The correct usage of scanf to read a single integer from the user.
Every part of it explained — what scanf is, why &a is required,
what %d does, and why you deliberately left out \n on the prompt.
scanf("%d", &a) — reading an integer from stdin into a local variable
// We are going to get user input! Interesting. // scanf : function in the standard input output lib. // Users can provide NON SPACE SEPARATED INPUT. #include <stdio.h> int main(void) { int a; printf("Enter a number : "); // not using \n — for input visual purposes scanf("%d", &a); // &a : the ADDRESS of a. scanf writes to it. // similar to borrowing in Rust, except raw pointer printf("You entered this number groot : %d\n", a); return 0; }
❯ ./scanfv1 Enter a number : 234 You entered this number groot : 234
What scanf is — and why it is the opposite of printf
scanf is the input counterpart to printf:
Both are variadic functions declared in stdio.h and implemented in libc.
printf takes a format string and a list of values — it reads them
and writes formatted text to stdout. scanf takes a format string and a list
of pointers — it reads formatted text from stdin and writes parsed values into
the memory locations the pointers refer to.
Why scanf takes pointers and printf takes values:
In C, function arguments are passed by value — a copy is made. If scanf took
int a directly, it would receive a copy. Writing to the copy would change
nothing in your main. To modify a variable in the caller's scope, you must
give the callee the variable's address. scanf receives &a, dereferences
it, and writes the parsed integer directly into the memory location where a
lives on your stack. When scanf returns, a in main has the new
value.
Your Rust comparison was accurate:
"similar to borrowing a variable in Rust, except here we call it using the actual
name: reference." In Rust, &mut a creates a mutable reference —
a compile-time-checked pointer with borrow rules enforced by the compiler. In C,
&a creates a raw pointer — the address of a, with no
safety guarantees. The concept is identical (give the callee a way to write into your
variable), but Rust enforces the rules at compile time while C trusts you completely.

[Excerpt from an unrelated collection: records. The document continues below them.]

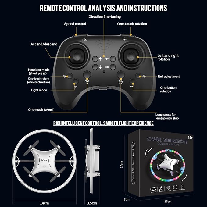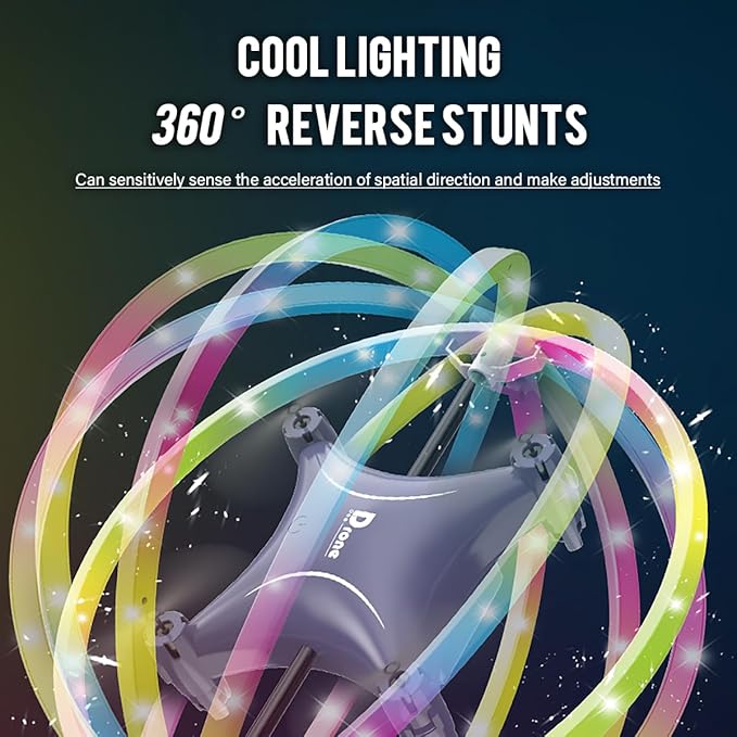 - Rotating stunts: The round bright LED light strip of the drone emits colorful neon lights, bringing you gorgeous lighting effects and vivid flight experience. I believe it will bring you surprises.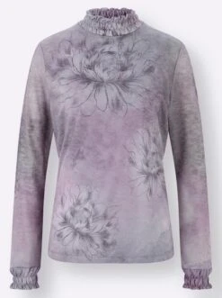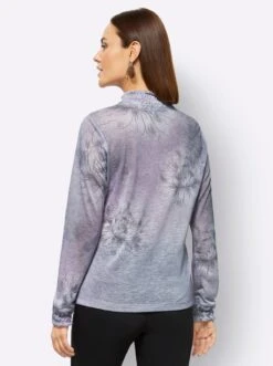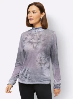 Zauberhaftes Shirt mit platzierten Blütenmotiven auf der Vorderseite. Der Stehkragen und die Bündchen der langen Ärmel sind mit weichem Gummizug gesmokt. Trageangenehme Viskose-Mischung mit zartem Flammgarn-Effekt, der eine typische Struktur in den Stoff zaubert.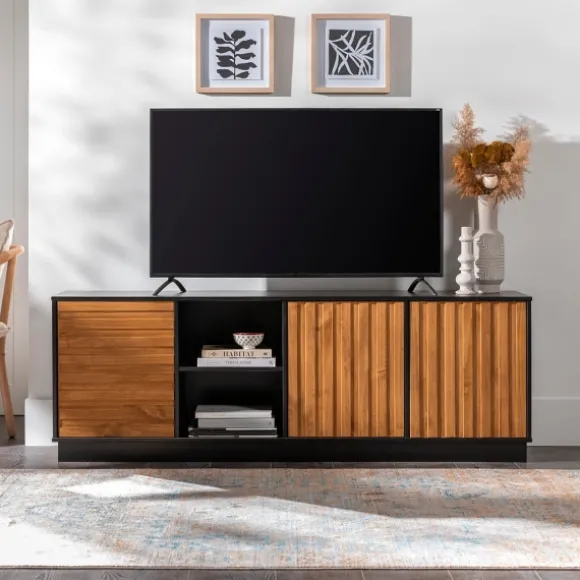 Don’T Be Surprised If You Catch Yourself Spending More Time Look At This Beautiful Stand Than At The Screen! The Carmel Wood Grooved Doors Tv Stand Has The Style And Space You Have Been Looking For. Stand Measures 70L X 16W X 26H In.Crafted Of Woodblack And Brown Wood Finishgrooved Door Designtwo (2) Shelvesassembly Requirednot Intended For Commercial Usecare: Dust With A Soft, Dry Cloth.This Item Is Available At Kirklands.Com Only, Not Available In Stores. Please Note: This Item Cannot Be Shipped To Apo/Fpo Addresses.Warning:This Product Can Expose You To Chemicals Including Dust And Phthalates Which Is Known To The State Of California To Cause Cancer And Birth Defects Or Other Reproductive Harm.For More Information Go Towww.P65Warnings.Ca.Gov .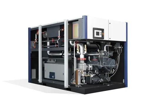 Что это: Безмасляный винтовой компрессор класса Zero Номинальная мощность 37–75 кВт Производительность до 12,7 м³/мин (при 7 бар изб.) Дополняет существующий модельный ряд мощностью от 75 до 315 кВт Модели с фиксированной и регулируемой скоростью (RS) Воздушное и водяное охлаждение Многочисленные дополнительные опции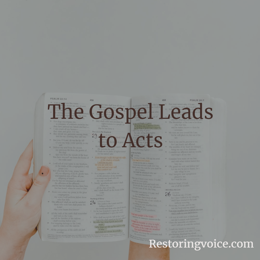 - The gospel must always lead to acts. (It is not enough to hear the Gospel, it must produce change in you as you act upon it.)
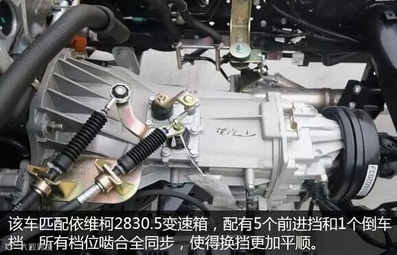 传动系统方面,匹配上柴发动机的是依维柯2830.5变速箱,配有5个前进挡和1个倒车档,第5档为超速档,速比为0.777,以上所有档位都有同步器。其中,1、2档为双锥面同步器,这也使得这款车换挡更加平顺。依维柯2830.5变速箱采用铝合金压铸壳体,结构紧凑,总成重量更轻,且齿轮精度较高,具有传动平稳、噪声低的特点。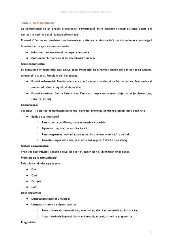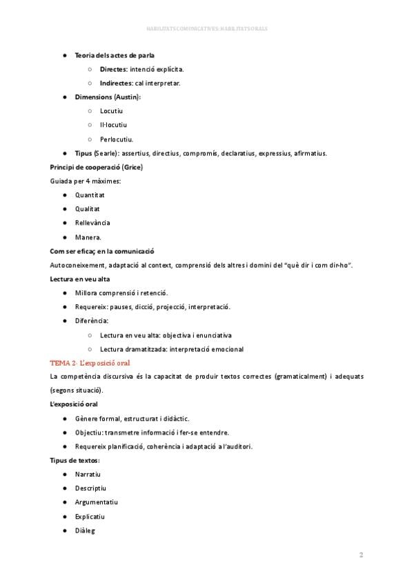 Resum esquemàtic i clar del temari de B2. Habilitats Orals. Inclou comunicació, estils comunicatius, pragmàtica, actes de parla, exposició oral i bases de l’argumentació. Ideal per estudiar ràpid, preparar exàmens i entendre els conceptes essencials.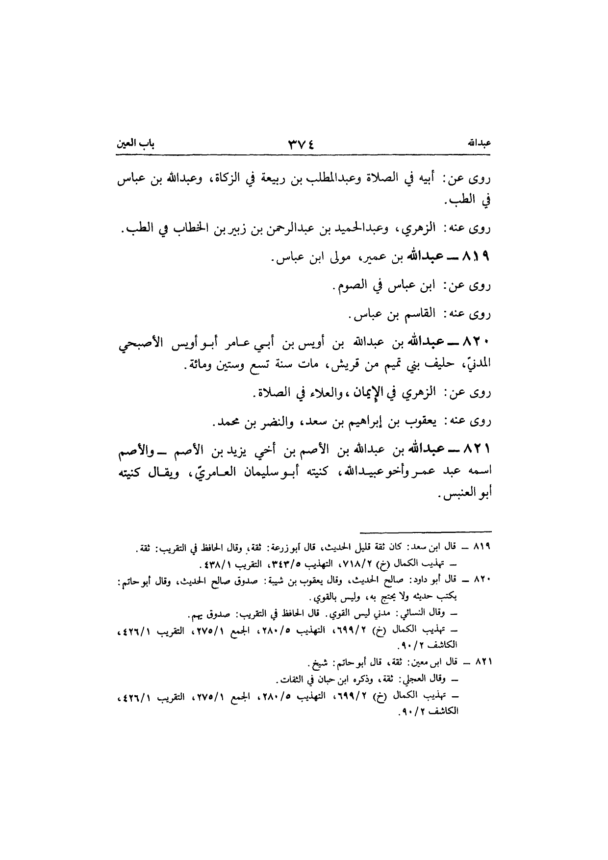 820 - عبد الله بن عبد الله بن أويس بن أبي عَامر أَبُو أويس الأصبحي الْمدنِي حَلِيف بني تَمِيم من قُرَيْش مَاتَ سنة تسع وَسِتِّينَ وَمِائَة

What %d tells scanf to do:
The format specifier %d instructs scanf to: (1) skip any leading whitespace
bytes (spaces, tabs, newlines — 0x20, 0x09, 0x0A),
(2) read an optional minus sign, (3) read consecutive digit characters and accumulate them
into an integer value, (4) stop at the first byte that is not a digit, (5) convert the
accumulated characters to a 32-bit signed integer, (6) write it to the int *
argument provided. The non-matching byte that terminated parsing is left in stdin for the
next read.
printf without \n — the deliberate choice:
printf("Enter a number : ") leaves the cursor at the end of the colon and
space. The user types their input right there on the same line — which is the natural
feel of an inline prompt. Adding \n would move the cursor to the next line,
making the prompt and the input appear on separate lines. The subtle risk: stdout is
line-buffered by default when connected to a terminal. Without \n, the
prompt text might stay in the buffer and not appear before scanf blocks. In practice this
works because scanf triggers a flush when it needs to read. For absolute safety, add
fflush(stdout); after the prompt printf.
What scanf returns — the thing you should always check:
scanf returns the number of items successfully matched and assigned as an int.

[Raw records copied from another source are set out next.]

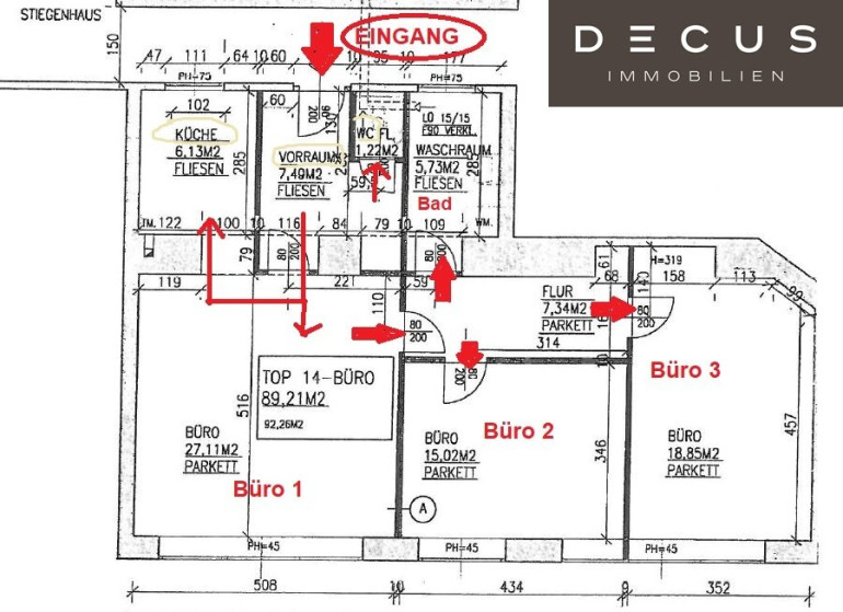 - 3 Büroräume (1 davon zentral über den Vorraum begehbar)
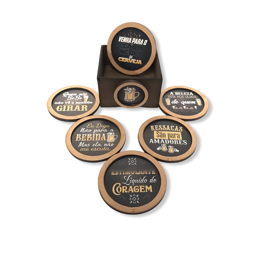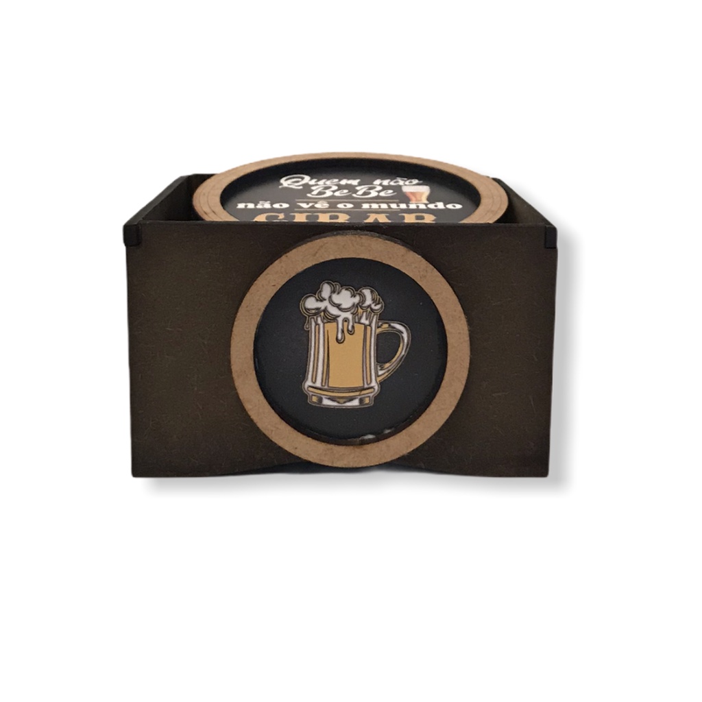 Porta Copo Madeira Estojo Bolacha Cerveja Bar Boteco Heinek. MDF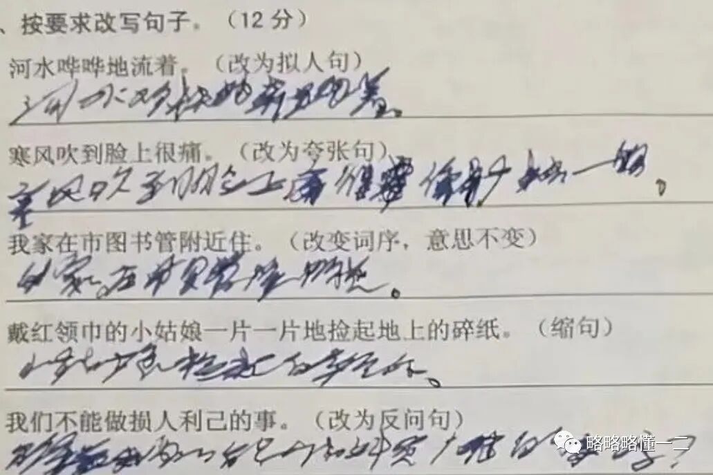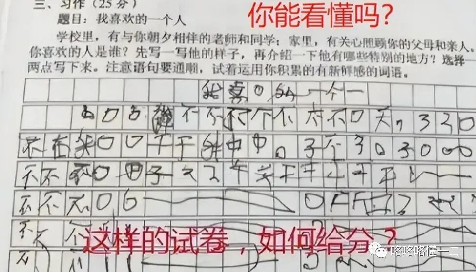 还有小学生小小年纪就已经学会“草书”了,写作文太抽象了,都是圈圈勾勾的,老师怎么识别呢?这样的卷子真是为难老师,小学生的作文略显敷衍。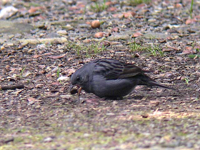 林の下の小道に落ちたドングリを散歩する人たちが踏みしだいてゆくのが、クロジやアオジたちにとって良い食料になっているようです。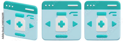 © Flowicon, Fototapeta premium Set of Teal and White 3D Website Interface Design for Online Pharmacy 3d Render Icon Illustration
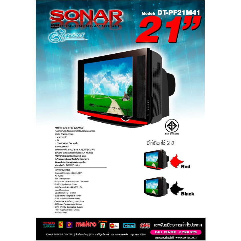 SONAR CRT TV 21" Crystal Design รุ่น DT-PF21M41 - สีดำ เสียบปุ๊บดูทีวีได้ทันที

For scanf("%d", &a): returns 1 on success, 0
if the input did not match %d at all (typing letters, just Enter, etc.),
and EOF (-1) if the input stream ended (Ctrl+D on Linux) before any
conversion. In your code the return value is ignored. Production code always checks:
if (scanf("%d", &a) != 1) { /* handle parse failure */ }. Without this
check, a failed parse leaves a uninitialized and the program continues
silently with garbage data.
Every edge case you listed in the source comments, run and recorded in
scanfv1.output. Each result explained at the level of what scanf's
internal parsing actually did.
| Input | Output | Verdict | What scanf did |
|---|---|---|---|
| 234 | 234 | ✓ correct | Skipped no whitespace. Read digits 2, 3, 4. Hit EOF. Converted to 234. Wrote to &a. Returned 1. |
| -234 | -234 | ✓ correct | Read leading - (valid for %d). Read digits 2, 3, 4. Converted to -234. Negative integers work fine. |
| 234 256436 24562 | 234 | ✓ expected | %d stops at whitespace. Read 234, hit the space, stopped. The remaining " 256436 24562\n" stayed in the stdin buffer — unread, available for the next scanf call. |
| -234 -436 -0 | -234 | ✓ expected | Same as above. First token only. The space after -234 terminated parsing. Remaining input unread. |
| (Enter key only) | waits... then accepts 234 | ⚠ blocks | %d skips leading whitespace — newline (0x0A) is whitespace. Pressing Enter gives scanf a byte to discard, not one to parse. scanf went back to blocking on read(). Only a digit or non-whitespace breaks the loop. It never silently accepts empty input. |
| 290375398759087210985710987 | -1 | ⚠ overflow | scanf uses strtol() internally. The value exceeded LONG_MAX (9,223,372,036,854,775,807 on x86_64). strtol saturated at LONG_MAX (0x7FFFFFFFFFFFFFFF) and set errno=ERANGE. scanf assigned LONG_MAX to your int a — a 64-bit value truncated to 32 bits: 0xFFFFFFFF = -1 in two's complement. Undefined behavior, but -1 is what this implementation produced. |
| -2347896587369782134687693876 | 0 | ⚠ overflow | Huge negative — strtol saturated at LONG_MIN (0x8000000000000000). Truncated to 32-bit int: 0x00000000 = 0. Different saturation value than the positive case, different truncation result. |
| lskadfjalk | 0 | ⚠ parse fail | First character 'l' is not a digit or minus sign. scanf failed to match %d. Returned 0 (zero successful conversions). Did not write to &a. a was uninitialized — its stack slot happened to contain zero bytes (OS zero-fills fresh pages). Undefined behavior printed as 0. |
| -kjafda | 0 | ⚠ parse fail | Leading - is syntactically valid for a negative integer. scanf consumed it, then saw 'k' — not a digit. No digits were read after the minus. scanf produced a matching failure. Same result as pure string input. |
| 234.234 | 234 | ✓ truncated | %d parsed digits 2, 3, 4. Hit the '.' — not a digit. Stopped. Returned 234. The ".234" remains in stdin. Float input is always truncated toward zero by %d. |
| 0324.2342 | 324 | ✓ decimal | Leading zero is NOT treated as octal — octal interpretation only happens with integer literals in C source code (e.g. int x = 0324;), not with scanf input. scanf always reads decimal for %d. Read 0324 as decimal 324, stopped at '.'. |
| -23049.23452352 | -23049 | ✓ truncated | Negative float. Read '-', then digits until '.'. Returned -23049. The fractional ".23452352" stays in stdin. Truncates toward zero, not toward negative infinity: -23049.7 would still give -23049, not -23050. |
Deep Explanation — stdin buffering, what stays after scanf, and overflow internals
The stdin buffer and what "unread input" means:
When you type at the terminal and press Enter, the entire line — including the newline —
goes into a kernel-level line buffer, then into libc's stdio buffer for stdin.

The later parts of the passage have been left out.